[Dataset records — start]

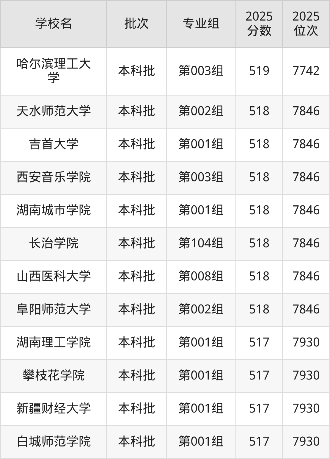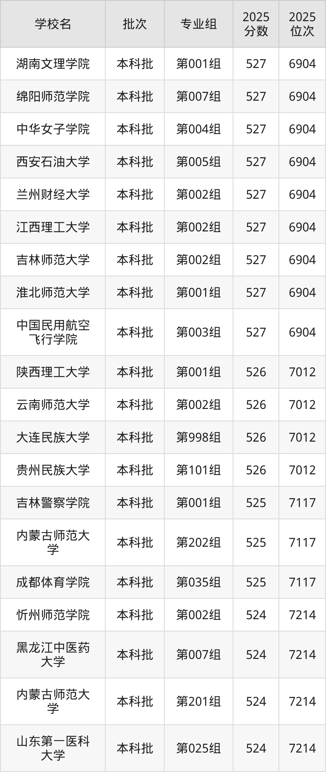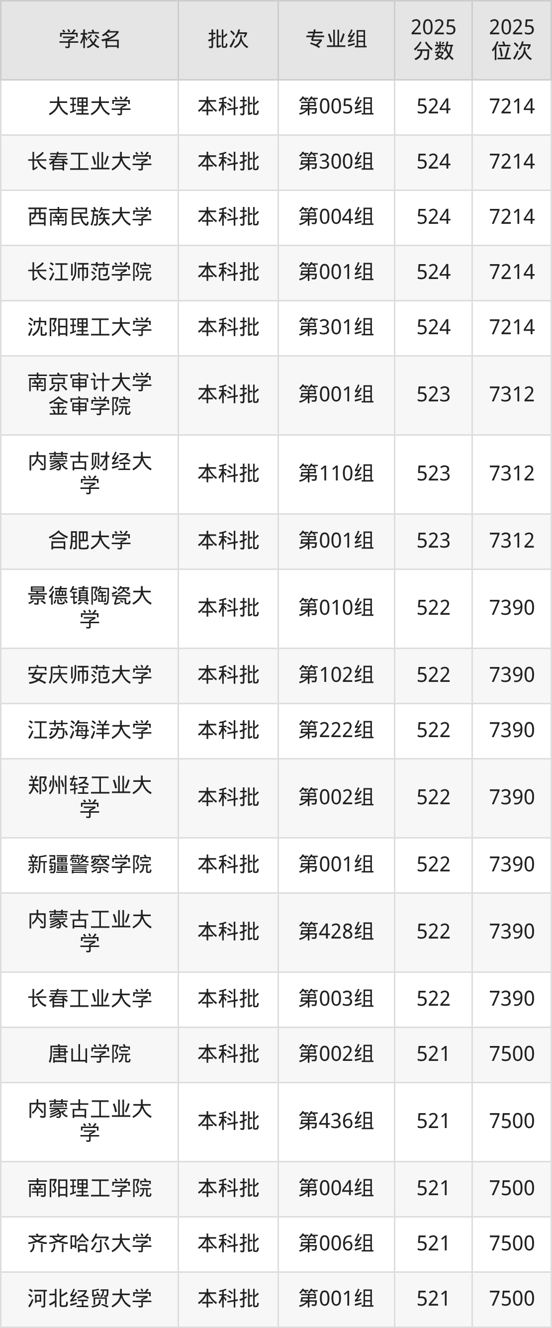 这些都是2026年高考历史类7391名~7500名考生可以报考的大学,更多学校名单如下表所示:
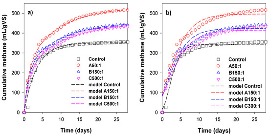 - Brulé, M.; Oechsner, H.; Jungbluth, T. Exponential model describing methane production kinetics in batch anaerobic digestion: A tool for evaluation of biochemical methane potential assays. Bioprocess Biosyst. Eng. 2014, 37, 1759–1770. [Google Scholar] [CrossRef] [PubMed]
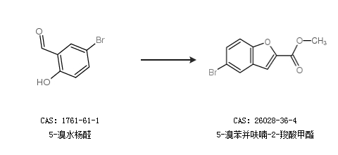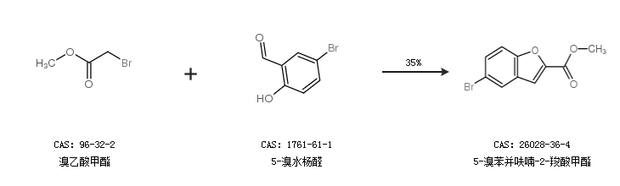 1.通过溴乙酸甲酯和5-溴水杨醛合成5-溴苯并呋喃-2-羧酸甲酯,收率约35%;
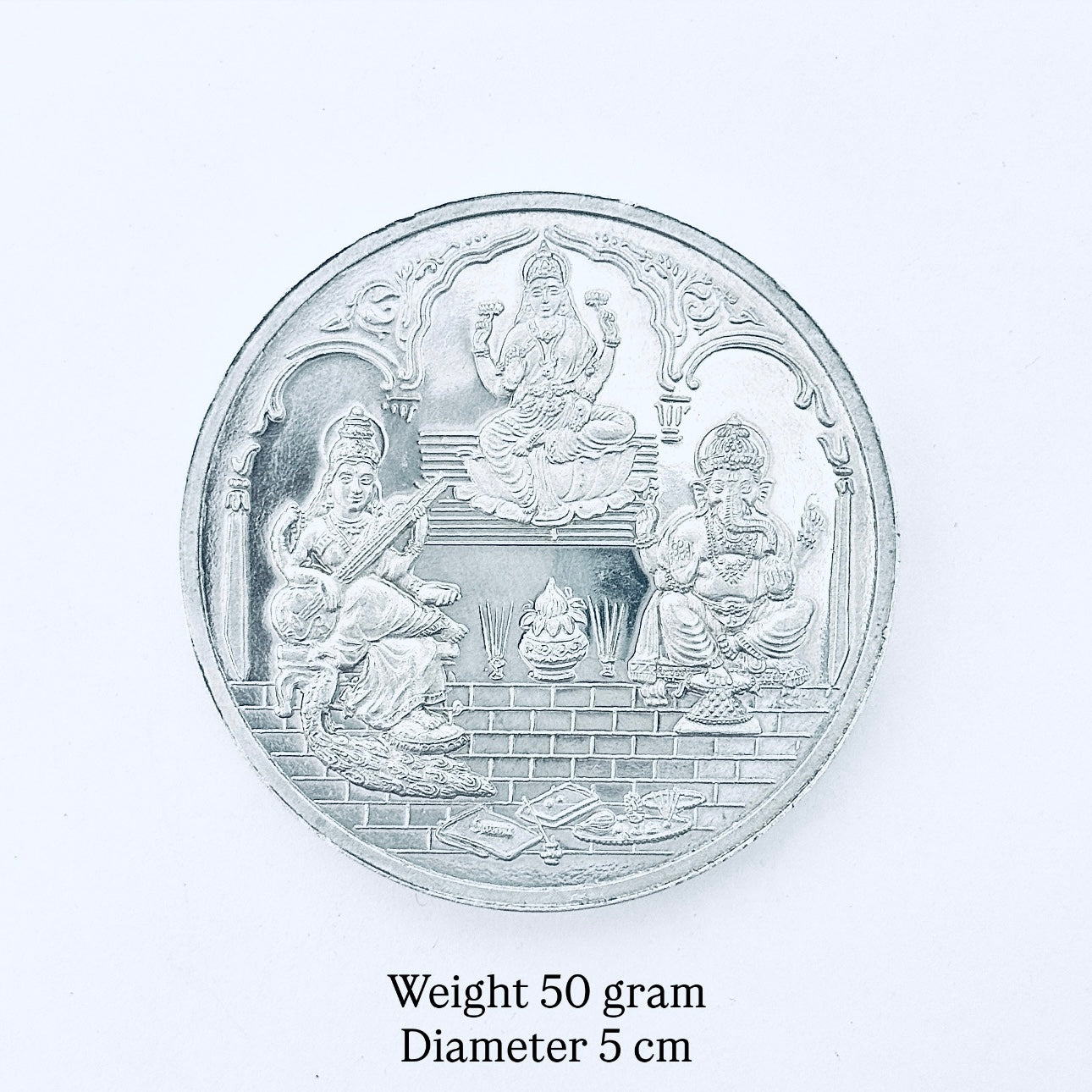 20g -50g-Pure Silver Coin – Lakshmiji Ganeshji Saraswatiji Design
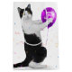 Gato preto e branco com balão roxo e confete em fundo branco para 7. A cor branca do fundo pode ser alterada.
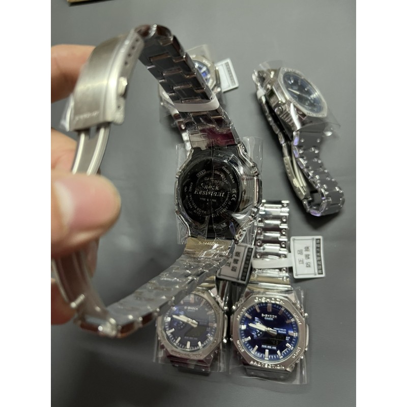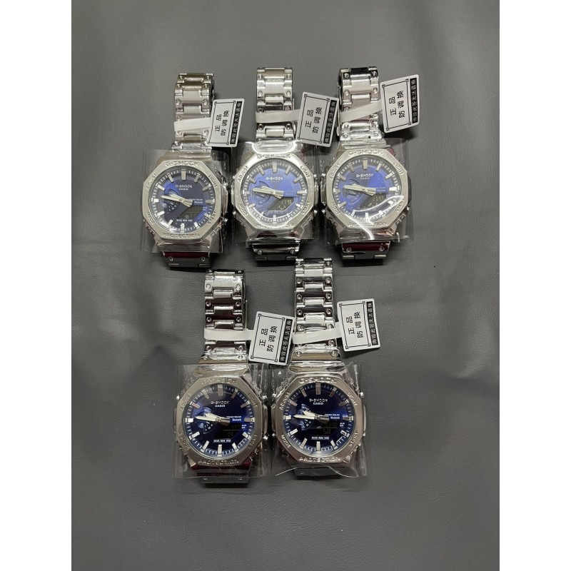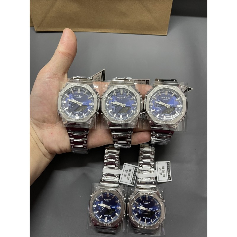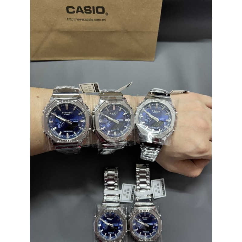 金属八角冰蓝精灵钢带系列 型号GM-B2100 功能:太阳能,秒表(精确到1/1000秒)世界时间,倒计时,闹铃,间歇响报,自动日历,45度自动抬手亮Led照明! 不锈钢表扣、全钢表带、不锈钢表壳、矿物质玻璃、不锈钢后盖、完美的刻度、原装日本机芯、机芯带双重显示~指针显示~屏幕显示、表针细磨、采用进口太阳能液晶屏、进口LED灯!
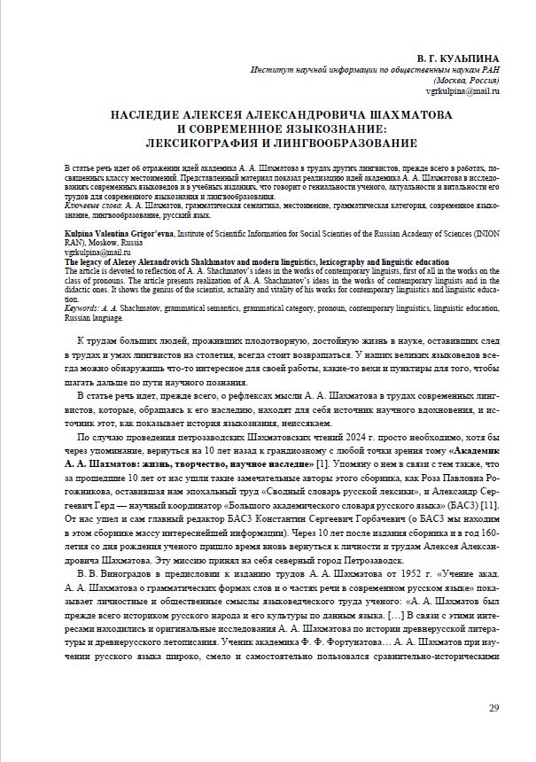 Наследие Алексея Александровича Шахматова и современное языкознание: лексикография и лингвообразование
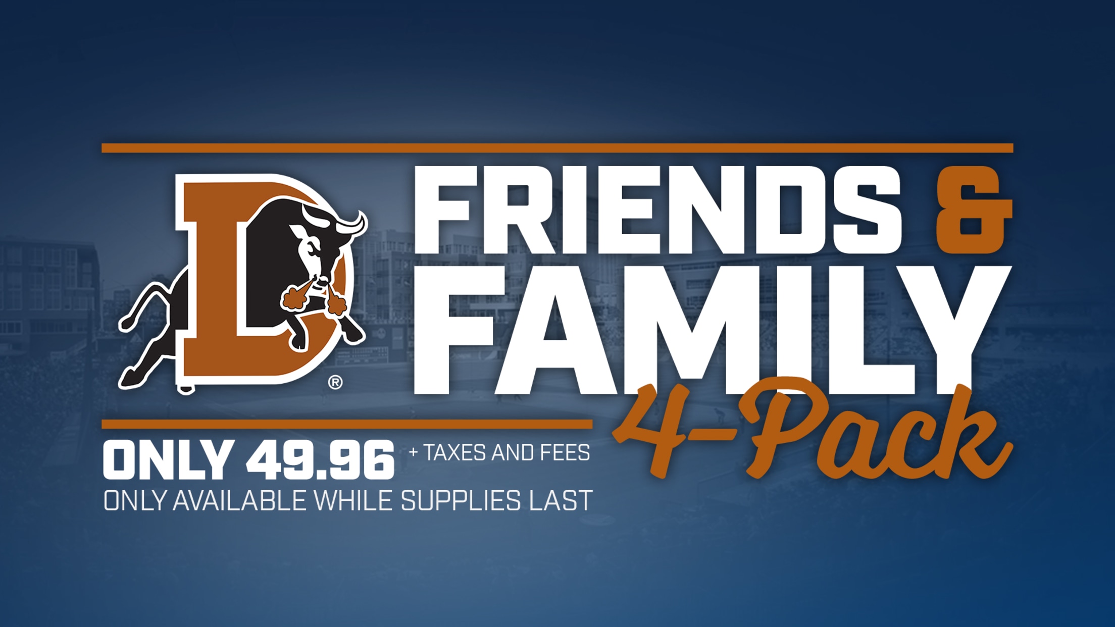 Take advantage of the Durham Bulls' first Friends & Family 4-Pack of the 2017 season by purchasing the package for the team's game on Sunday, June 25 against the Charlotte Knights at 5:05 p.m. The four-pack includes: 4 Terrace View tickets 4 Durham Bulls blankets 4 jars of spaghetti sauce
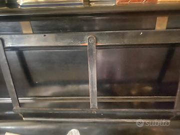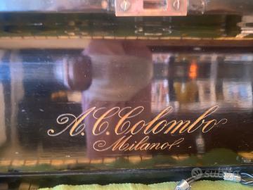 Pianoforte verticale con sgabello. Marca A. C. Colombo. Da accordare . Copri tasti originale dell’epoca . Sgabello con seduta staccata dalle gambe .
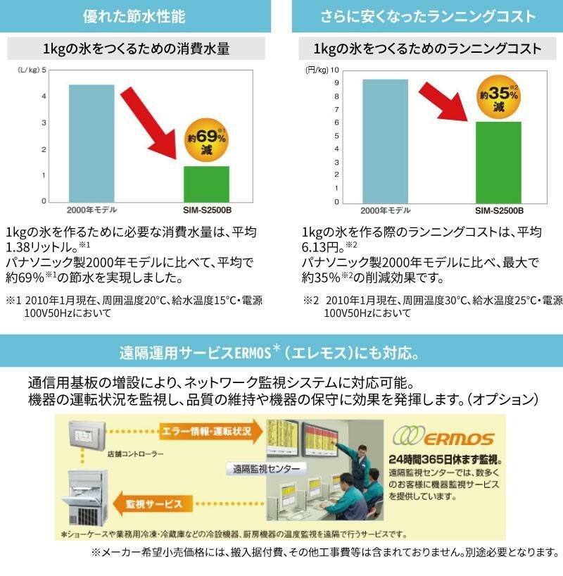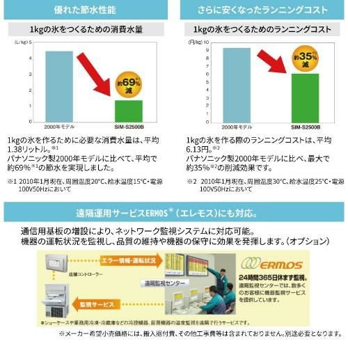 他の画像を見る SIM-AS2500 キューブアイス製氷機 25kg【パナソニック】単相100V 幅395×奥行450×高さ800mm【業務用/新品】【送料無料】 定価 ¥ 487,300 (税込)のところ 販売価格 ¥ 138,525 税込 詳細を見る
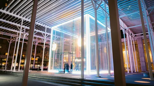 Direkt gegenüber dem Plaza Hotel lädt Apple Fifth Avenue Besucher ein, einen innovativen Einzelhandelsbereich unter seinem ikonischen Glaswürfel zu entdecken. Dieser 24-Stunden-Standort bietet jederzeit Bequemlichkeit mit modernen Designelementen, interaktiven Produktstationen und fachkundigem Personal für technische Anliegen. Die unterirdische Anordnung ermöglicht einen einzigartigen Effekt, da natürliches Licht durch das transparente Pavillon oben einfällt. Besucher profitieren von praxisorientierten Workshops, kreativen Sessions und kostenlosem WLAN – ein praktischer Stopp während eines Midtown-Besuchs. In der Nähe befinden sich Attraktionen wie der Central Park, das Rockefeller Center und erstklassige Einkaufsmöglichkeiten entlang der Fifth Avenue, sodass Sie die Umgebung vor oder nach Ihrem Besuch erkunden können.

[Dataset records — finish]

## Required work
Write out each line of the listing above, exactly, from its first line to the line holding "Gato preto e", inclusive. Skip the pictures.

## Answer space
 这些都是2026年高考历史类7391名~7500名考生可以报考的大学,更多学校名单如下表所示:
 - Brulé, M.; Oechsner, H.; Jungbluth, T. Exponential model describing methane production kinetics in batch anaerobic digestion: A tool for evaluation of biochemical methane potential assays. Bioprocess Biosyst. Eng. 2014, 37, 1759–1770. [Google Scholar] [CrossRef] [PubMed]
 1.通过溴乙酸甲酯和5-溴水杨醛合成5-溴苯并呋喃-2-羧酸甲酯,收率约35%;
 20g -50g-Pure Silver Coin – Lakshmiji Ganeshji Saraswatiji Design
 Gato preto e branco com balão roxo e confete em fundo branco para 7. A cor branca do fundo pode ser alterada.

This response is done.